If you’re correct that we’re not going to get acceptably wise principals, which I think is very plausible, then that is indeed a dealbreaker on this path. If so, I think our only recourse is to shut down all capabilities research until humanity gets its act together. This is indeed my overall suggested strategy, with CAST coming after a “well, if you’re going to try to build it anyway you might as well die with a bit more dignity by...” disclaimer.
Want to explain a bit about how you’d go about doing this? Seems like you’re facing some similar problems as assuring that an AI is wise, benevolent, and stable, e.g., not knowing what wisdom really is, distribution shift between testing and deployment, adversarial examples/inputs.
I think this means you should be extra careful not to inadvertently make people too optimistic about alignment, which would make coordination to stop capabilities research even harder than it already is. For example you said that you “like” the visualization of 5 humans selected by various governments, without mentioning that you don’t trust governments to do this, which seems like a mistake?
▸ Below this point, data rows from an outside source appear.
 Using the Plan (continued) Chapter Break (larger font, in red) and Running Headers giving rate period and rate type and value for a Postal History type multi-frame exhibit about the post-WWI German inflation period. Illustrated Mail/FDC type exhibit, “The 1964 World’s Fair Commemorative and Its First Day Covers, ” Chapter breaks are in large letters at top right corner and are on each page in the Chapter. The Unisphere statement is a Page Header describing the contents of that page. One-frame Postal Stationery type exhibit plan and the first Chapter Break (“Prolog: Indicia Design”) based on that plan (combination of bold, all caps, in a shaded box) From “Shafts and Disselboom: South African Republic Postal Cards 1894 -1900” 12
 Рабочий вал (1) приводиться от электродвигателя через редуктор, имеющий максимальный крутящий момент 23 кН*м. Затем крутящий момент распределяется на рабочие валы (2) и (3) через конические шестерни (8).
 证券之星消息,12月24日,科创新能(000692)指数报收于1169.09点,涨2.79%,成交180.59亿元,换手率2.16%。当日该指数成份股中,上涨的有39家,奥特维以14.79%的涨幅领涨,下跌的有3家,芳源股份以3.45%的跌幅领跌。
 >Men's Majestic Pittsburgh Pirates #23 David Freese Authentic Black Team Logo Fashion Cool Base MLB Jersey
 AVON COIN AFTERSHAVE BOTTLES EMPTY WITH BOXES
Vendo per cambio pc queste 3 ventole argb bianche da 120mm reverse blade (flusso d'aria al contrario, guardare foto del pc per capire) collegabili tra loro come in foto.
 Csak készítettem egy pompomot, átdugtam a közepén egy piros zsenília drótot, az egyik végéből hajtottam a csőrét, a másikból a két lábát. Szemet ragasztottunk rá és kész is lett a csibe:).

I don’t think there’s a particular trick, here. I can verify a certain amount of wisdom, and have already used that to gain some trust in various people. I’d go to the people I trust and ask them how they’d solve the problem, then try to spot common techniques and look for people who were pointed to independently. I’d attempt to get to know people who were widely seen as trustworthy and understand why they had that reputation and try not to get Goodharted too hard. I’d try to get as much diversity as was reasonable while also still keeping the quality bar high, since diverse consensus is more robust than groupthink consensus. I’d try to select for old people who seem like they’ve been under intense pressure and thrived without changing deeply as people in the process. I’d try to select for people who were capable of cooperating and changing their minds when confronted by logic. I’d try to select for people who didn’t have much vested interest, and seemed to me, in the days I spent with them, to be focused on legacy, principles, and the good of the many.
To be clear, I don’t think I could reliably pull this off if people were optimizing for manipulating, deceiving, and pressuring me. :shrug:
I agree that false hope is a risk. In these documents I’ve tried to emphasize that I don’t think this path is easy. I feel torn between people like you and Eliezer who take my tone as being overly hopeful and the various non-doomers who I’ve talked to about this work who see me as overly doomy. Suggestions welcome.
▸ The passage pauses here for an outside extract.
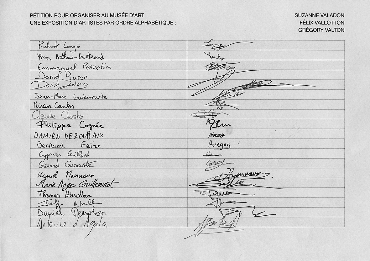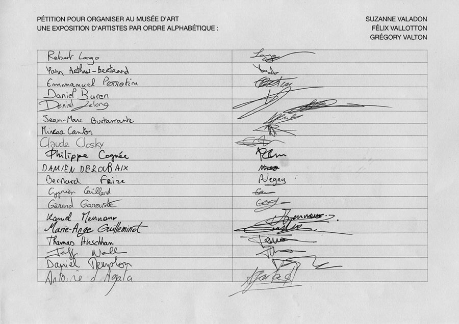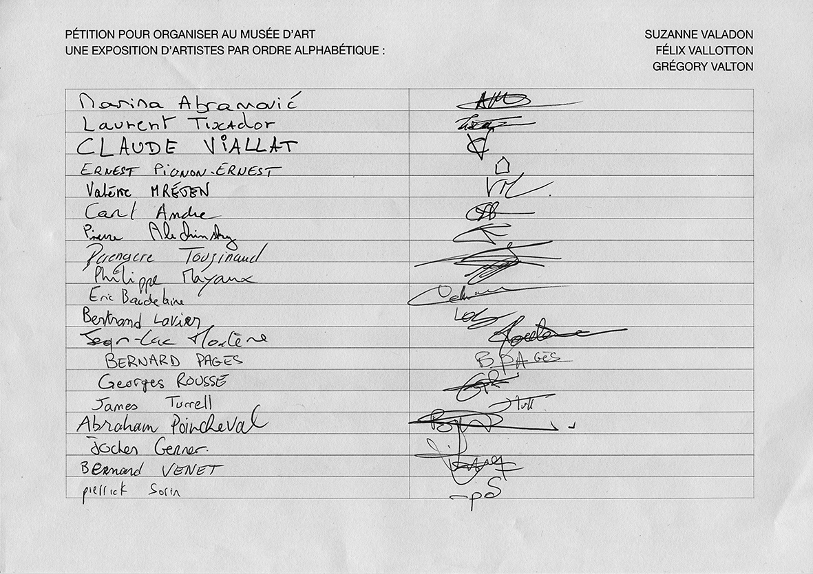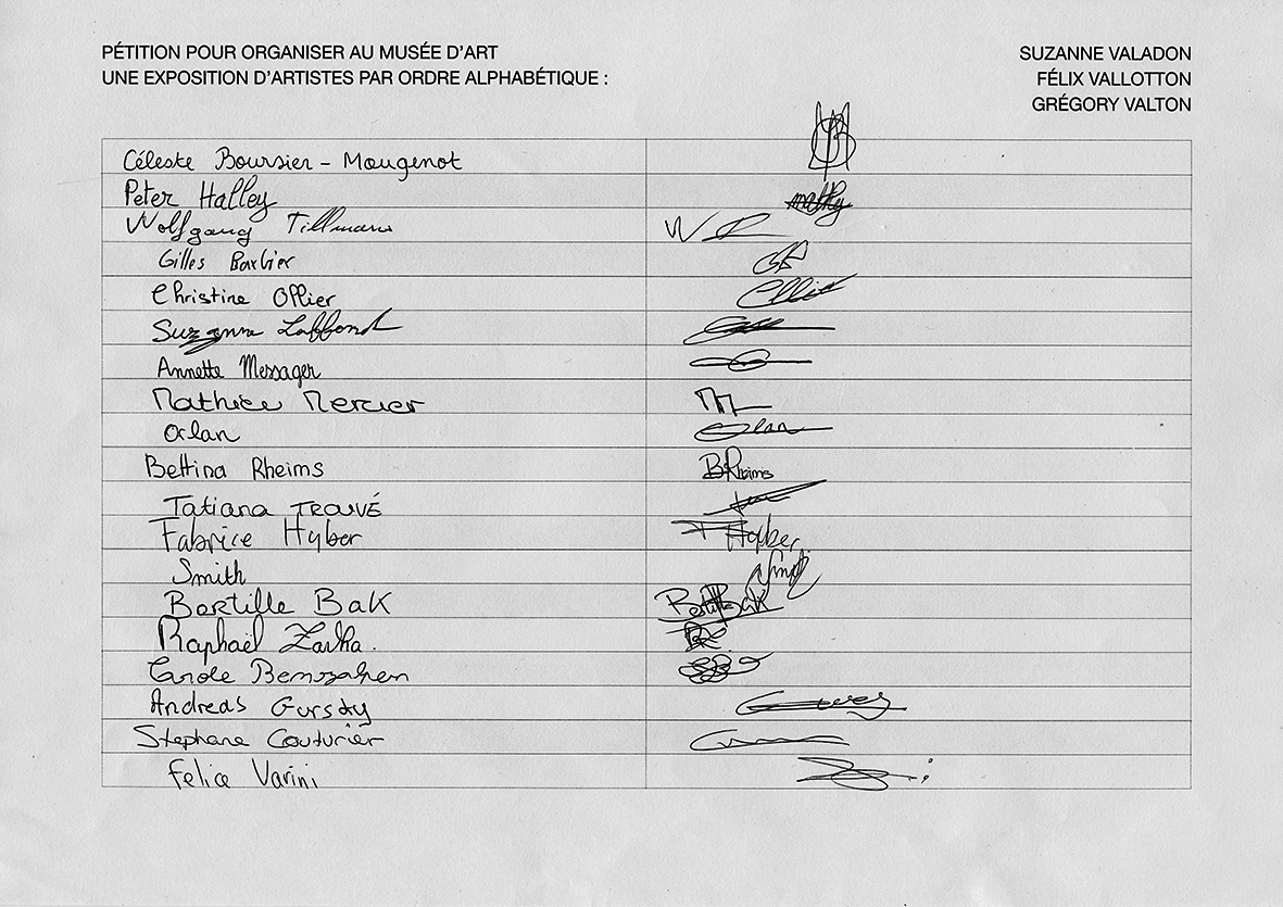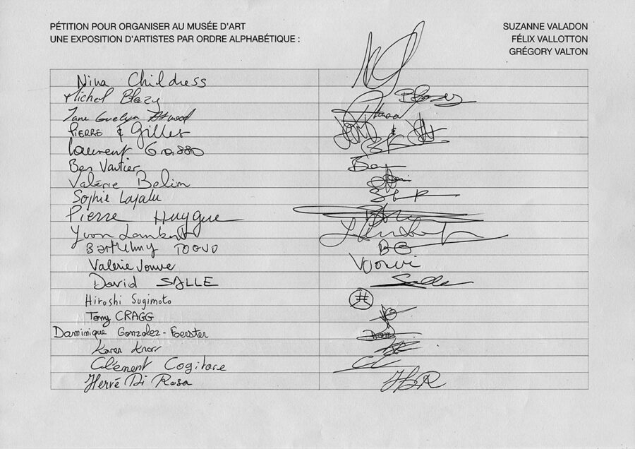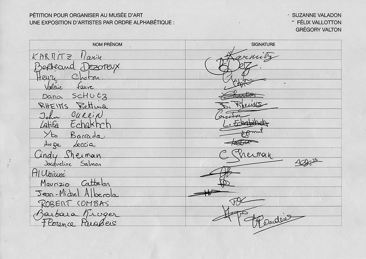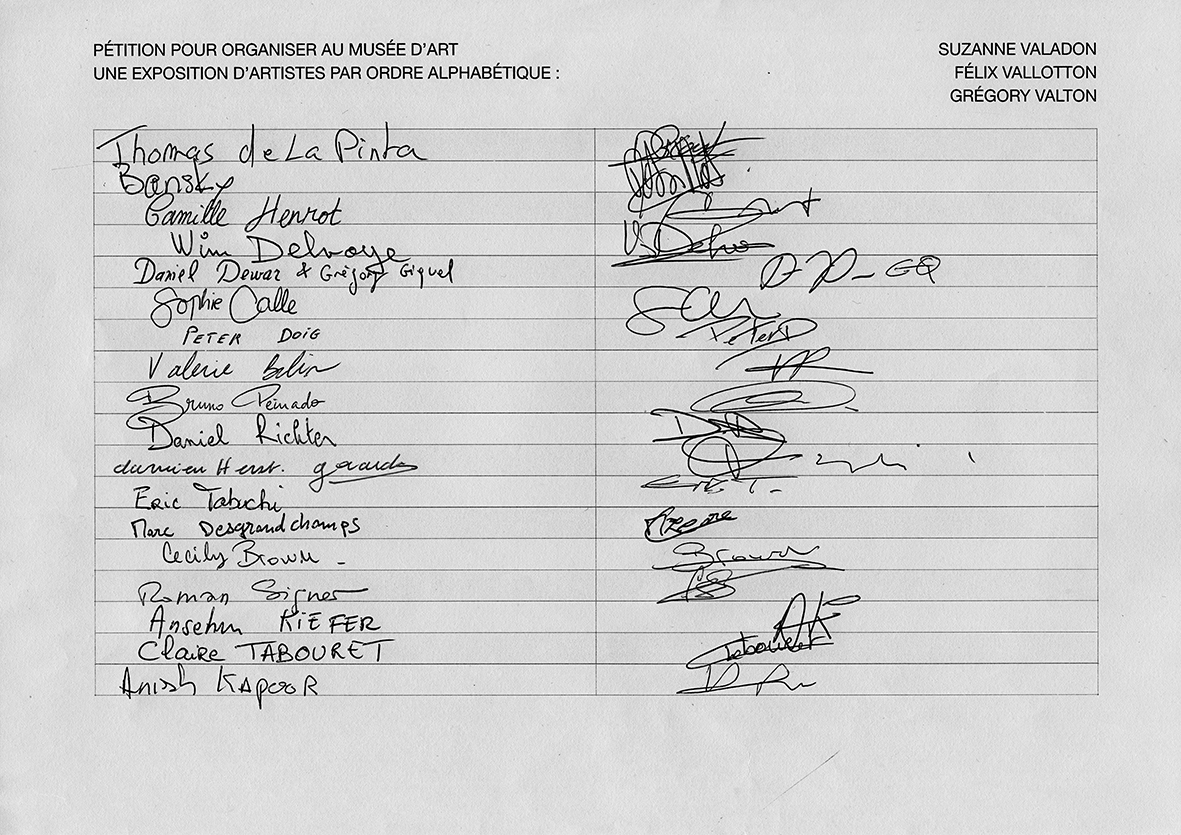 Du 27 octobre 2023 au 11 février 2024 a lieu au musée d’art de Nantes l’exposition de la peintre Suzane Valadon. Je propose au musée de continuer d’organiser des expositions d’artistes par ordre alphabétique. Aussi du 7 avril au 3 septembre 2024 serait montrer les œuvres du peintre Félix Vallotton. Puis du 7 novembre 2024 au 16 février 2025 sera montrée une sélection de mes pièces. Pour appuyer ma demande, je fais signer les 100 plus grands artistes internationaux vivants. De plus, le transport de mes pièces ne coûtera pas cher car je vois le musée depuis chez moi, donc je pourrai venir à pied.

I said I like the visualization because I do! I think I’d feel very happy if the governments of the world selected 5 people on the basis of wisdom and sanity to be the governors of AGI and the stewards of the future. Similarly, I like the thought of an AGI laboratory doing a slow and careful training process even when all signs point to the thing being safe. I don’t trust governments to actually select stewards of the future just as I don’t expect frontier labs to go slow and be sufficiently careful. But having strong conceptualizations of what success might look like is integral, I think, to actually succeeding.
deluding yourself about the behavior of organizations is a dominated strategy.